RECORDED DATA —
○ ○ ○ ○ ○ ○ ○
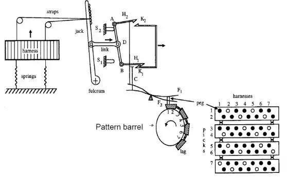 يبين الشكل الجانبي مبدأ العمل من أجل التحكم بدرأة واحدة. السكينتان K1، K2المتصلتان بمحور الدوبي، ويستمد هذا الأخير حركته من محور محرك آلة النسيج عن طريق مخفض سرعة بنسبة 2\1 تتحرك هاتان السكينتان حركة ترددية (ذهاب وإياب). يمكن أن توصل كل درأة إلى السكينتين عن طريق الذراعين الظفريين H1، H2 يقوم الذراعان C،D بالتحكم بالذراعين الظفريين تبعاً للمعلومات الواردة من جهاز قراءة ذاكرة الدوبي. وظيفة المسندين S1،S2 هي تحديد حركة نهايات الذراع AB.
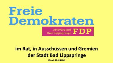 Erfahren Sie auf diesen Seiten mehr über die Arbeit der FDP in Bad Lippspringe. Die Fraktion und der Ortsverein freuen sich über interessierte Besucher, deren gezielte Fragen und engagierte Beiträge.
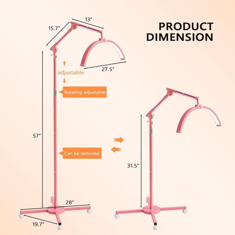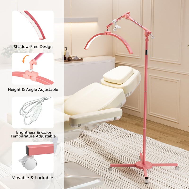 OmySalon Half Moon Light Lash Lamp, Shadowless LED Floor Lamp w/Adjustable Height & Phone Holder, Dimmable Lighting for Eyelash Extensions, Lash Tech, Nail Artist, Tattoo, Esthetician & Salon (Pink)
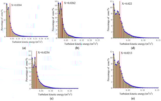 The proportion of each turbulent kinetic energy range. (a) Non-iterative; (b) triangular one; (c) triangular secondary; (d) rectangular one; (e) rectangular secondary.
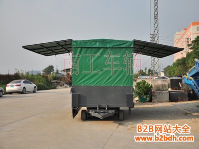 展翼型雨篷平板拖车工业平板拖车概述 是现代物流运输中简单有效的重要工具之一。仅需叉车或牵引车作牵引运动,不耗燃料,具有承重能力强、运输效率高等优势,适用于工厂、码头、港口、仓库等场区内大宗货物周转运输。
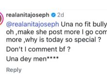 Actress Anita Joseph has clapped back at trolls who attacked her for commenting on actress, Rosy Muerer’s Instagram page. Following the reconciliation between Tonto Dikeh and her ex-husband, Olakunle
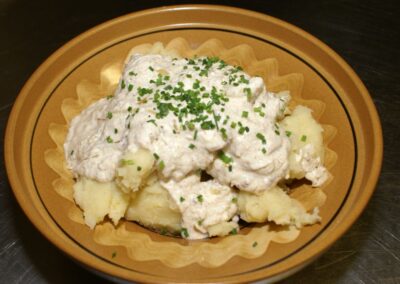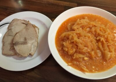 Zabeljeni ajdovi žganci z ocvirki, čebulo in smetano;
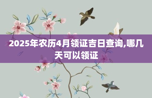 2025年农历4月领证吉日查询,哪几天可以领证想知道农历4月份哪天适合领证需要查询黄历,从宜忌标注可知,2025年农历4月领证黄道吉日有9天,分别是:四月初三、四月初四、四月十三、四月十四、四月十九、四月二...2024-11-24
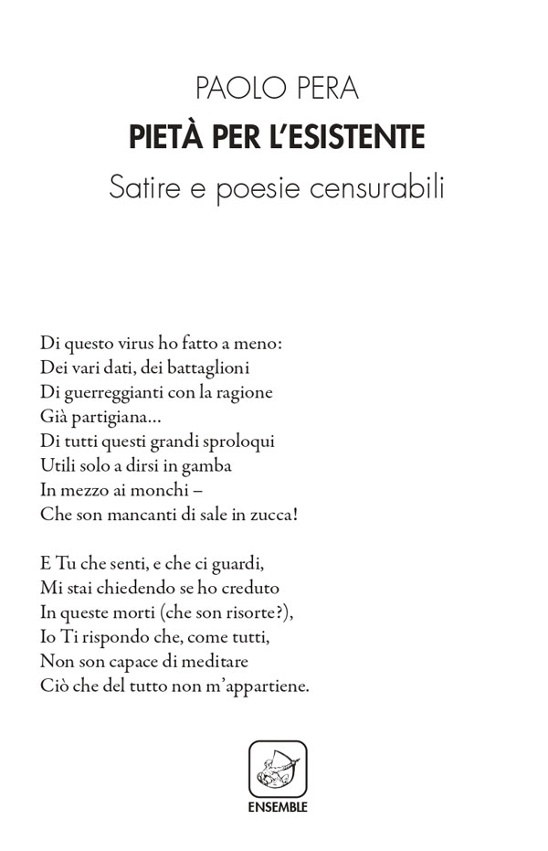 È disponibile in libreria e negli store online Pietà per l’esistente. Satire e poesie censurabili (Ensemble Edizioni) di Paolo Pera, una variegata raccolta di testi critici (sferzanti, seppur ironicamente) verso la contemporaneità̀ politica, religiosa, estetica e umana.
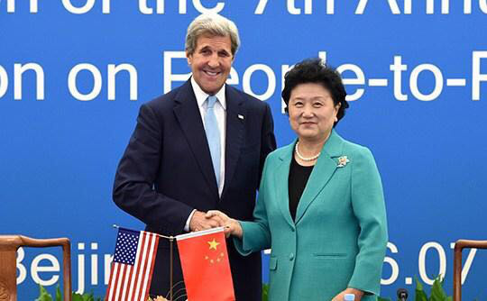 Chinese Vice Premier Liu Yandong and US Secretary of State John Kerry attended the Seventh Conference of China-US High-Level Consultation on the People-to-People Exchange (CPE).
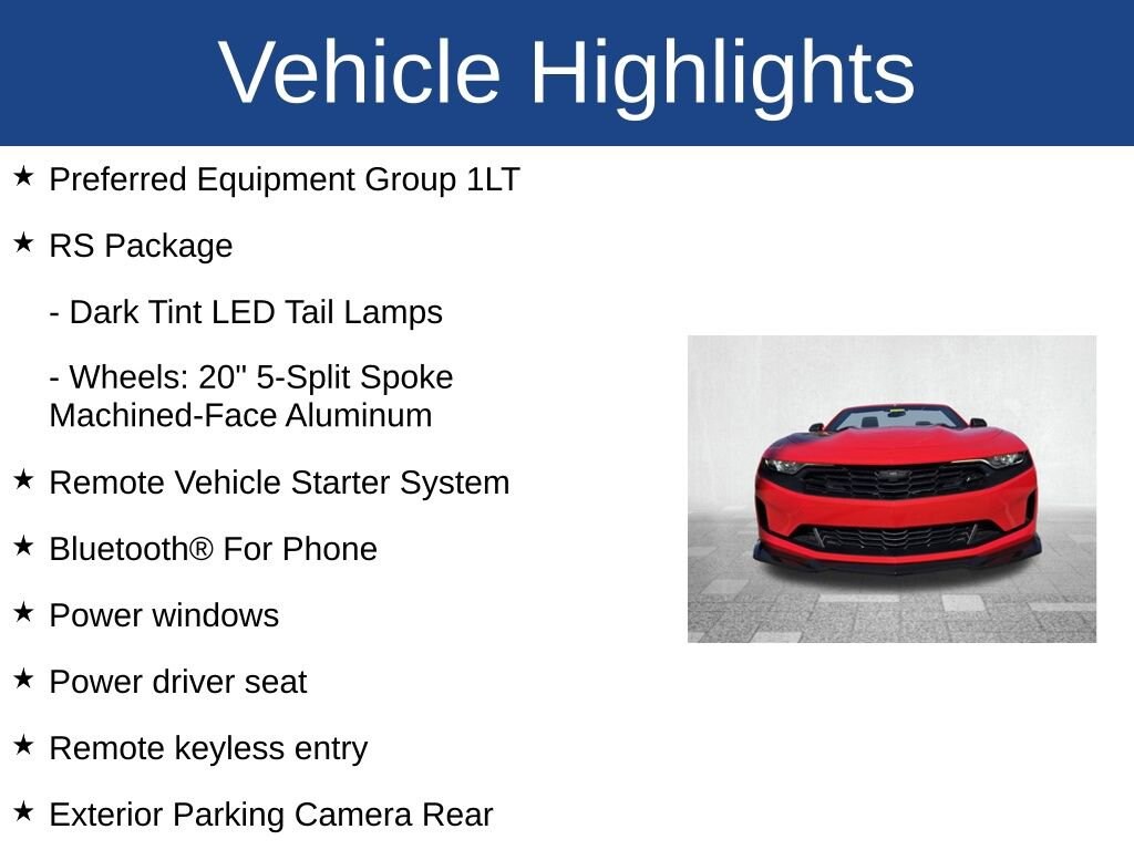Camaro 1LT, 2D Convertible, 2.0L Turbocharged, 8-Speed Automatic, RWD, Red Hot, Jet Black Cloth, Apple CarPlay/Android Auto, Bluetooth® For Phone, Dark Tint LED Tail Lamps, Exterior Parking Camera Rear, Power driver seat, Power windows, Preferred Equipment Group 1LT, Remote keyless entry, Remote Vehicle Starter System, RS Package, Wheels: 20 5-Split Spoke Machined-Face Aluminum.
○ ○ ○ ○ ○ ○ ○
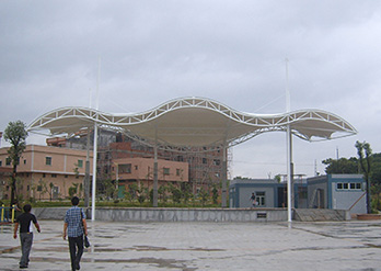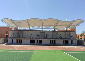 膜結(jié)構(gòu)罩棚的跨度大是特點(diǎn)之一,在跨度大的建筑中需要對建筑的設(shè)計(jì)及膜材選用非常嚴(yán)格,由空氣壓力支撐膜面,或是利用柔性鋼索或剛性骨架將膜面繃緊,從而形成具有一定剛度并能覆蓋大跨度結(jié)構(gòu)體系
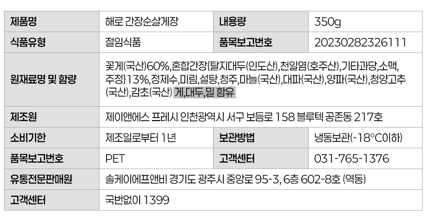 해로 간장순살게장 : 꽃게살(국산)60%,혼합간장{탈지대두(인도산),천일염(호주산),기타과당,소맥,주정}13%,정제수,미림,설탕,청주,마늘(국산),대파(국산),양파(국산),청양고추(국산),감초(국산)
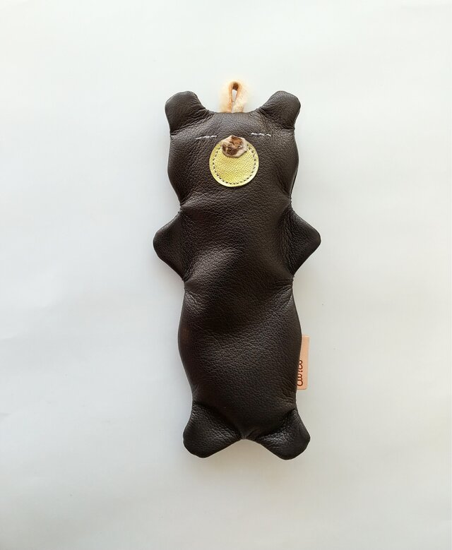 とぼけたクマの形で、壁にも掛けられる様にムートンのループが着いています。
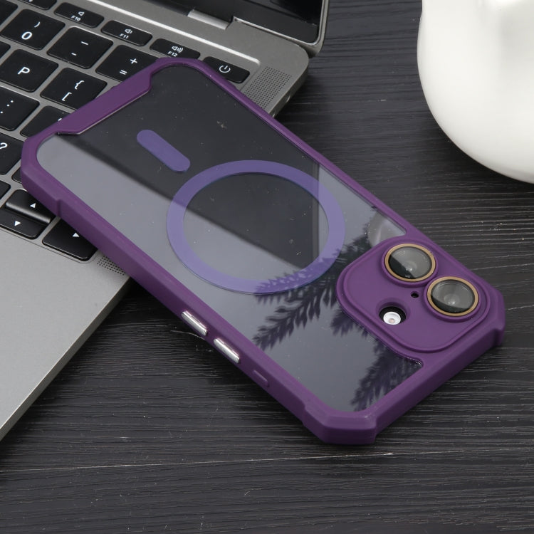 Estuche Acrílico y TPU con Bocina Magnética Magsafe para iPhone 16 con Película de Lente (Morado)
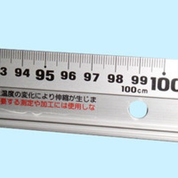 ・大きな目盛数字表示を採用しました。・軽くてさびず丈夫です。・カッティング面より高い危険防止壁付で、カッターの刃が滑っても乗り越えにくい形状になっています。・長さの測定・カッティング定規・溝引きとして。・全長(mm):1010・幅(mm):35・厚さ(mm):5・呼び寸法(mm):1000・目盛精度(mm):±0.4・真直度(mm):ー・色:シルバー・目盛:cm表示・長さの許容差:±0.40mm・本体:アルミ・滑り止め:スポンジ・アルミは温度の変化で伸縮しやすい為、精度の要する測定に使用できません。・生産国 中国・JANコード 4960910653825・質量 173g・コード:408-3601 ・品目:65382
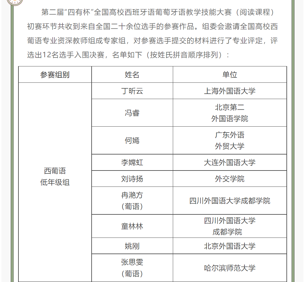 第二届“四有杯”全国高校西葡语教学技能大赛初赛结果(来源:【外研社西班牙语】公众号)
○ ○ ○ ○ ○ ○ ○
TASK TO COMPLETE —
Please copy out from the data above, without any picture, exactly the lines running from the one that holds "È disponibile in" through the one that holds "Camaro 1LT, 2D", and nothing beyond them.

PROBLEM SOLUTION —
 È disponibile in libreria e negli store online Pietà per l’esistente. Satire e poesie censurabili (Ensemble Edizioni) di Paolo Pera, una variegata raccolta di testi critici (sferzanti, seppur ironicamente) verso la contemporaneità̀ politica, religiosa, estetica e umana.
 Chinese Vice Premier Liu Yandong and US Secretary of State John Kerry attended the Seventh Conference of China-US High-Level Consultation on the People-to-People Exchange (CPE).
Camaro 1LT, 2D Convertible, 2.0L Turbocharged, 8-Speed Automatic, RWD, Red Hot, Jet Black Cloth, Apple CarPlay/Android Auto, Bluetooth® For Phone, Dark Tint LED Tail Lamps, Exterior Parking Camera Rear, Power driver seat, Power windows, Preferred Equipment Group 1LT, Remote keyless entry, Remote Vehicle Starter System, RS Package, Wheels: 20 5-Split Spoke Machined-Face Aluminum.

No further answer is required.